Die Returns hatte ich ja auch so gesetzt wie du mir vorgeschlagen hast, nur gibt er mir dann nur ein Ergebnis in diesem Intervall aus und nich alle ...
Ich möchte ja alle Primzahlen sowie Mirpzahlen im Intervall von a bis b.
Es geht zwar zuu comilieren aber die Ausgabe is dann falsch. 
beispiel:
Intervall 10 - 20 
Primzahlen 11,13,17,19
Mirpzahlen 11,13,17

mit den Returns gibt er nur 11 für Prim und mirp aus.


----------



## deepthroat (12. November 2005)

Hi.

Das liegt aber daran, das deine Funktion nur einen Wert zurückgibt. Um mehrere Werte zurückzugeben solltest du ein Array oder einen anderen Kontainer zurückgeben und dessen Werte dann einzeln ausgeben.

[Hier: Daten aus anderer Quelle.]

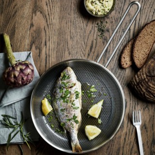 Un'indispensabile padella a tutto tondo con un rivestimento in ceramica senza precedenti, che rende questa padella eccezionalmente resistente. L'esclusivo motivo a mosaico sulla superficie è costituito da acciaio inossidabile nella parte superiore e un rivestimento in ceramica Slip-Let® nella parte inferiore ed è resistente all'uso di utensili metallici. Il rivestimento permette di ridurre la quantità di grasso e olio utilizzati, per una perfetta rosolatura e una facile pulizia. La tecnologia a triplo strato della padella garantisce una perfetta distribuzione del calore e il suo esterno durevole è resistente ai graffi e agli urti. Usa questa padella per qualsiasi cosa, dalle uova fritte agli hamburger e alle polpette di verdure. La padella è resistente al calore per l'uso in forno fino a 400 °C ed è progettata per tutte le fonti di calore, compresa l'induzione.

Übrigens kann man die Berechnung der Primzahlen noch etwas optimieren. Als erstes braucht man die geraden Zahlen nicht betrachten (und auch nicht im Array speichern) da die 2 die einzige natürliche, gerade Zahl ist. Zweitens brauchst du die Schleife nur solange durchlaufen wie i² <= Obergrenze ist.

Gruß


----------